As many watchdogs have pointed out, the memo in question from the Department of Health and Human Services basically offers states more flexibility to meet mandatory targets for moving people off of Temporary Assistance for Needy Families (TANF) and into gainful employment. This program, administered jointly through federal and state agencies, is the central plank of Clinton-era welfare reform, and its principal political aim has always been to reduce the statistical presence of the poor, not alleviating their poverty.

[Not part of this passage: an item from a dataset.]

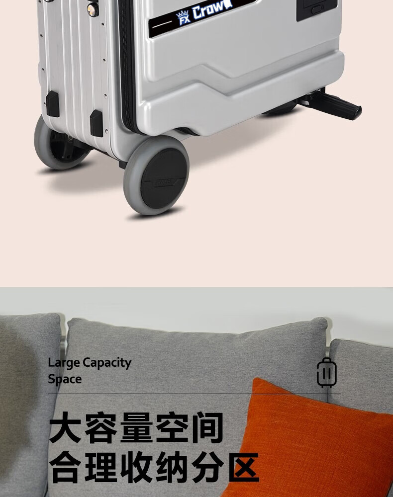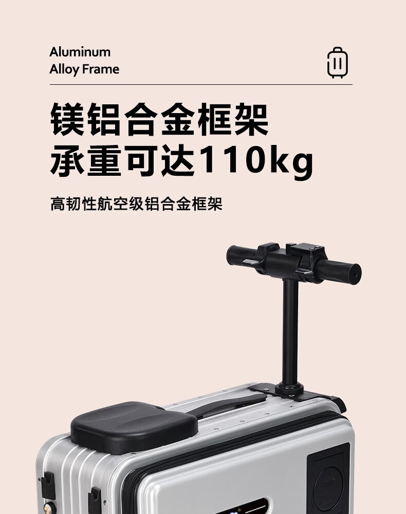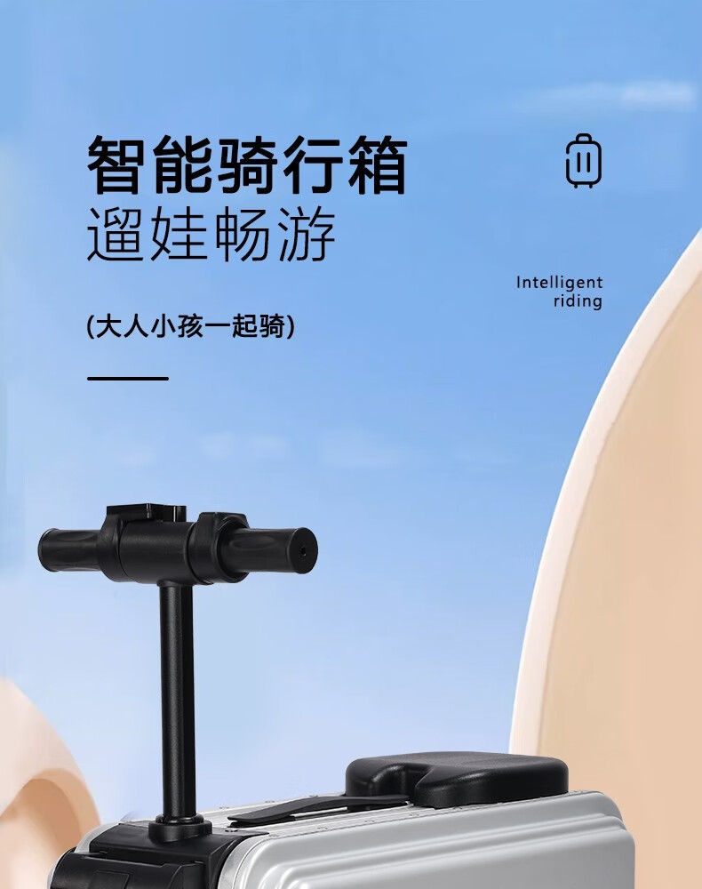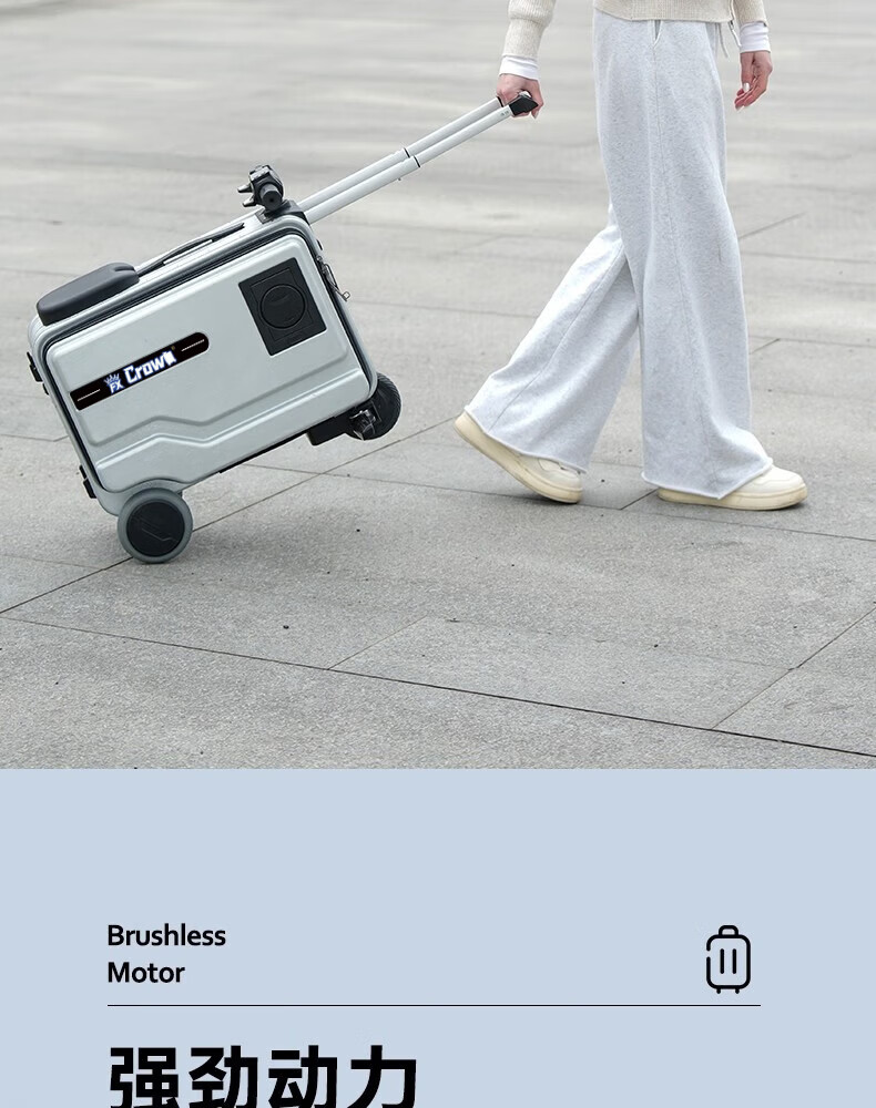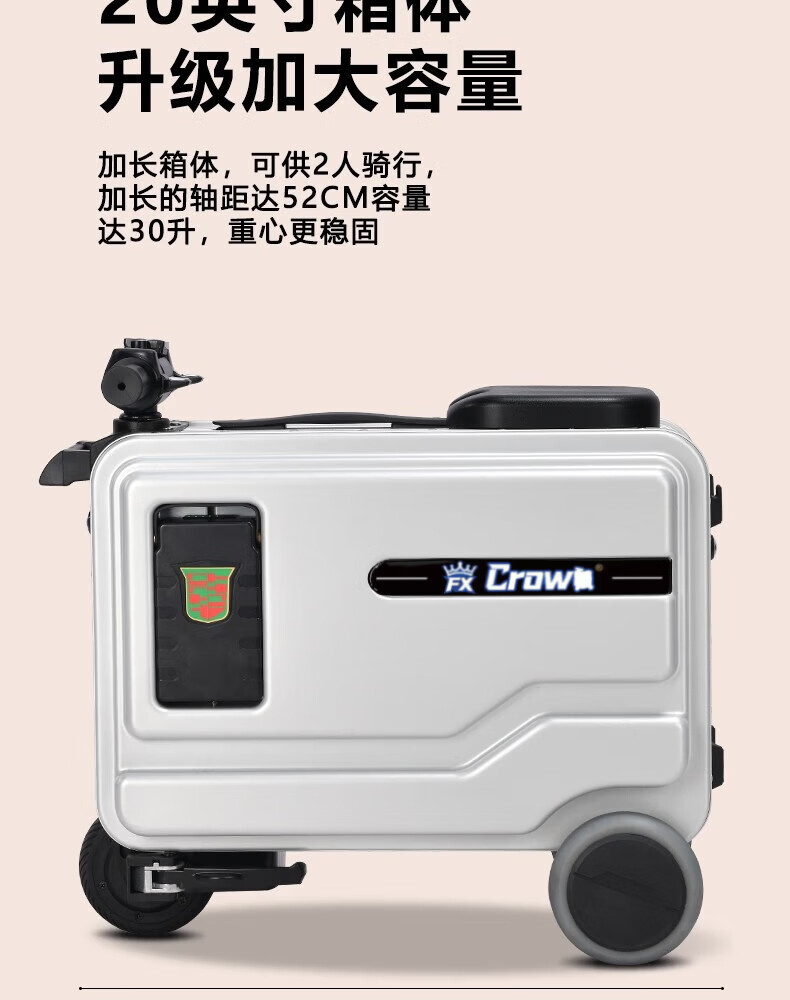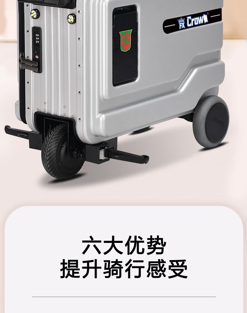 Electric cycling luggage, boarding suitcase, riding and carrying passengers, 20-inch large-capacity 3C electric luggage, high-grade silver, deluxe version, boarding/high-speed rail, one battery, 20 inches

According to the Center on Budget and Policy Priorities (CBPP), as welfare reform approaches its Sweet Sixteen, TANF's track record contrasts bitterly with that of its predecessor, AFDC, which Reaganite conservatives had savaged as undeserved entitlement:
Over the last 16 years, the national TANF caseload has declined by 60 percent, even as poverty and deep poverty have worsened. While the official poverty rate among families declined in the early years of welfare reform, when the economy was booming and unemployment was extremely low, it started increasing in 2000 and now exceeds its 1996 level.
These opposing trends — TANF caseloads going down while poverty is going up — mean that a much smaller share of poor families receive cash assistance from TANF than they did prior to welfare reform.
This punitive approach to poverty has driven poor mothers of color further to the margins of the economy, making them even more politically invisible."